Subject : Only three cores found on quad-core machine. Submitter : Dave Jones <davej@redhat.com> Date : 2008-08-01 18:15 References : http://marc.info/?l=linux-kernel&m=121761475224719&w=4 This entry is being used for tracking a regression from 2.6.26. Please don't close it until the problem is fixed in the mainline.
Dave, still not fixed ?
0000000000000000 <.text>: 0: 4a 8b 14 ea mov (%rdx,%r13,8),%rdx rdx: ffff880001027f80 r13: 000a81a000000002 Non-canonical address?
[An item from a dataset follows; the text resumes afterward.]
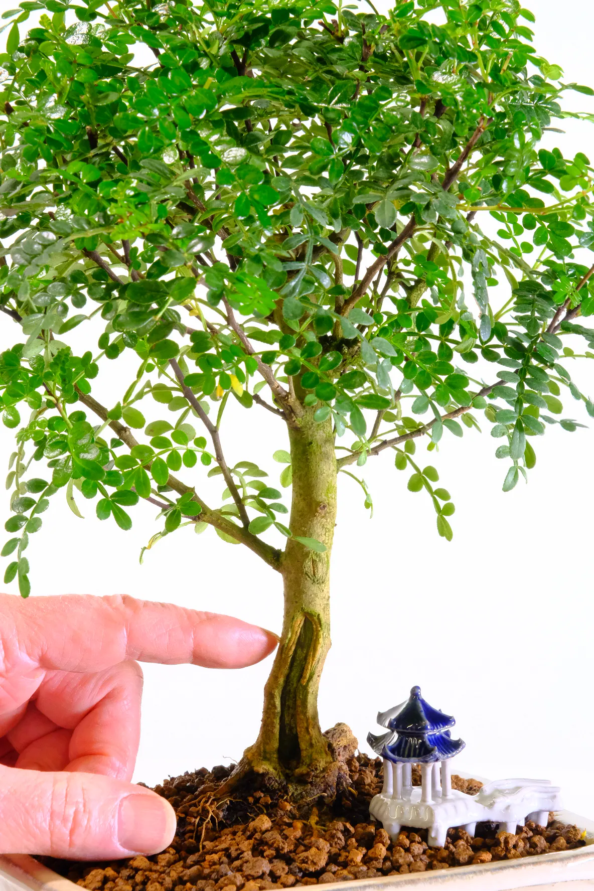This delightful 8–year-old Pepper Bonsai (Zanthoxylum piperitum) is a tree that truly engages the senses — beautiful to look at, easy to care for, and wonderfully fragrant. It features a lovely even canopy of naturally small, glossy green leaves, which release a fresh, zesty citrus fragrance when pruned or brushed. The light, spicy aroma gives this bonsai a lively and refreshing presence — it’s like a breath of nature indoors. This particular specimen is beautifully styled, with an elegant trunk and refined branch structure that supports its soft, rounded canopy. The composition is full of charm, featuring a glazed oriental temple which makes it a joy to display. Potted into a brand new ivory/cream glazed ceramic bonsai pot with matching drip tray to sit beneath the pot, this tree feels fresh, modern, and full of character. The matching drip tray completes the look, creating a polished and thoughtful design that complements the tree’s natural beauty perfectly.

Looks like r13 contains crap, there...
Looks like CPU2 never finished its initialization: Booting processor 2/1 ip 6000 Initializing CPU#2 Stuck ?? Inquiring remote APIC #1... ... APIC #1 ID: failed ... APIC #1 VERSION: failed ... APIC #1 SPIV: failed migration/2 used greatest stack depth: 7224 bytes left
And then later it oopsed in the CPU init code, probably due to ftrace. After that things go wrong because the CPU init never finished but that processor is trying to allocate memory to handle the oops.
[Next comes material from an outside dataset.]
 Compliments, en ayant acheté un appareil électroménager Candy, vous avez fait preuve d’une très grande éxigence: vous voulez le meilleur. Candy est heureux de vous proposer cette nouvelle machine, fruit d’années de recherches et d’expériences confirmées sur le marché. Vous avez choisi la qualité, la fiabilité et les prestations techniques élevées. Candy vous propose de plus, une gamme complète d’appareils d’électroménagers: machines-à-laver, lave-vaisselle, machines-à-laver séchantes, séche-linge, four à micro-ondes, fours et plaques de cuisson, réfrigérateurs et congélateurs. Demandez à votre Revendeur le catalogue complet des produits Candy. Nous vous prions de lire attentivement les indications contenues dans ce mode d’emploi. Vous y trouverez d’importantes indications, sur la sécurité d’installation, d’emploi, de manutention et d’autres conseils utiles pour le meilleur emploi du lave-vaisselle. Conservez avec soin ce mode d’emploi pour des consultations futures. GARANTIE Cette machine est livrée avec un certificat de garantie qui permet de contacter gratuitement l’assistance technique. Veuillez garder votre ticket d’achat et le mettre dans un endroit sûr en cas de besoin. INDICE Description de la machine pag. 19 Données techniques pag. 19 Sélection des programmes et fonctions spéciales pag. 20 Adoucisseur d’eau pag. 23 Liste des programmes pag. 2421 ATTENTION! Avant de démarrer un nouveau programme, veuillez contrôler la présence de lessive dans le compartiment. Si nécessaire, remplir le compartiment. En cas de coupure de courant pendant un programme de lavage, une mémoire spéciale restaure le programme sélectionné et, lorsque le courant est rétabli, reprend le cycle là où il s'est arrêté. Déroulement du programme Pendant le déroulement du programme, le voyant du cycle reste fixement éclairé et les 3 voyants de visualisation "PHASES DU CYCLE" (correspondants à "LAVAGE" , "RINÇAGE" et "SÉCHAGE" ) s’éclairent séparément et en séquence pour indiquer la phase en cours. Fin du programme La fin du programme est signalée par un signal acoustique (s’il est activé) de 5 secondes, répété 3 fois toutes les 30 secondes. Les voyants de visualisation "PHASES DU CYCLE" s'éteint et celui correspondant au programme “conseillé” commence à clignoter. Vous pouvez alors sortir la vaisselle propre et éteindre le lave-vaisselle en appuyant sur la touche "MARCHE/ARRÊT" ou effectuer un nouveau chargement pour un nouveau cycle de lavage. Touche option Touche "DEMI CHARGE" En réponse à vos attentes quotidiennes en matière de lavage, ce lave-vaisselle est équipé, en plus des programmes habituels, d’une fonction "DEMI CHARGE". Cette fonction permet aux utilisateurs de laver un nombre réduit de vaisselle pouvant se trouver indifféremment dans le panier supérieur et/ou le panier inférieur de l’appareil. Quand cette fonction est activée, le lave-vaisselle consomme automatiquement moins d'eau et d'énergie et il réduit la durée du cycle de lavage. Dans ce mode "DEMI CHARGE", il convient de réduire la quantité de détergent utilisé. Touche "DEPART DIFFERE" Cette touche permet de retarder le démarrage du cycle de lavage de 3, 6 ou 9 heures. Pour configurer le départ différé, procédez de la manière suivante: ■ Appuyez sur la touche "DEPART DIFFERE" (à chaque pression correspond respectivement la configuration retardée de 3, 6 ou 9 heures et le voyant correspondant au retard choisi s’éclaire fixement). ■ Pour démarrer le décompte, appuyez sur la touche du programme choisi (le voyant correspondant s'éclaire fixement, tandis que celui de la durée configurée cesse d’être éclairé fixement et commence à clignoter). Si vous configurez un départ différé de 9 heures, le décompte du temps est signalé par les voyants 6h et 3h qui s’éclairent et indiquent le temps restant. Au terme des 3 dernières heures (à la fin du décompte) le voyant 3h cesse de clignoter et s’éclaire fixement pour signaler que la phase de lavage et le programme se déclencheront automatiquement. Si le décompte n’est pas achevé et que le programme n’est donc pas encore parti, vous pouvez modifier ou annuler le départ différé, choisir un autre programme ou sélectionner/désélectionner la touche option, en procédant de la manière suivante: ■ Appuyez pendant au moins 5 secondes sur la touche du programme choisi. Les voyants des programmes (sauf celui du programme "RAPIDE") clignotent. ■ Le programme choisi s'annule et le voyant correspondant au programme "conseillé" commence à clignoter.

On Friday, 10 of October 2008, Dave Jones wrote: > On Wed, Oct 08, 2008 at 03:24:40PM +1100, Nick Piggin wrote: > > On Wednesday 08 October 2008 02:32, Dave Jones wrote: > > > On Wed, Oct 08, 2008 at 02:18:18AM +1100, Nick Piggin wrote: > > > > On Sunday 05 October 2008 04:32, Rafael J. Wysocki wrote: > > > > > This message has been generated automatically as a part of a report > > > > > of recent regressions. > > > > > > > > > > The following bug entry is on the current list of known regressions > > > > > from 2.6.26. Please verify if it still should be listed and let me > > > > > know (either way). > > > > > > > > > > > > > > > Bug-Entry : http://bugzilla.kernel.org/show_bug.cgi?id=11224 > > > > > Subject : Only three cores found on quad-core machine. > > > > > Submitter : Dave Jones <davej@redhat.com> > > > > > Date : 2008-08-01 18:15 (65 days old) > > > > > References : > http://marc.info/?l=linux-kernel&m=121761475224719&w=4 > > > > > > > > Dave, is your CPU2 getting stuck in calibrate_delay? Can you still > > > > reproduce the bug? What if you boot the kernel with lpj=<something > sane > > > > like 2666785> in order to skip the calibrate_delay code? > > > > > > > > If that helps, can you try adding some printks to narrow down where > it > > > > is getting stuck? > > > > > > This is going to sound strange, but I've forgotten which box that was. > > > I'm due to reinstall all my test boxes now that the next Fedora beta > > > has come out anyway, so I'll hopefully figure out by the end of the week > :) > > > > That does sound strange ;) But I can't believe that! It would be really > > interesting if it was stuck in calibrate_delay, but maybe the backtrace > > is just messed up... > > > > If you do manage to reproduce it, I would be quite interested. Otherwise, > > I think we can say it's not a showstopper for 2.6.27. > > Ok, this can be closed out. 2.6.27 seems to work fine on all the > quad core machines I have in my cube.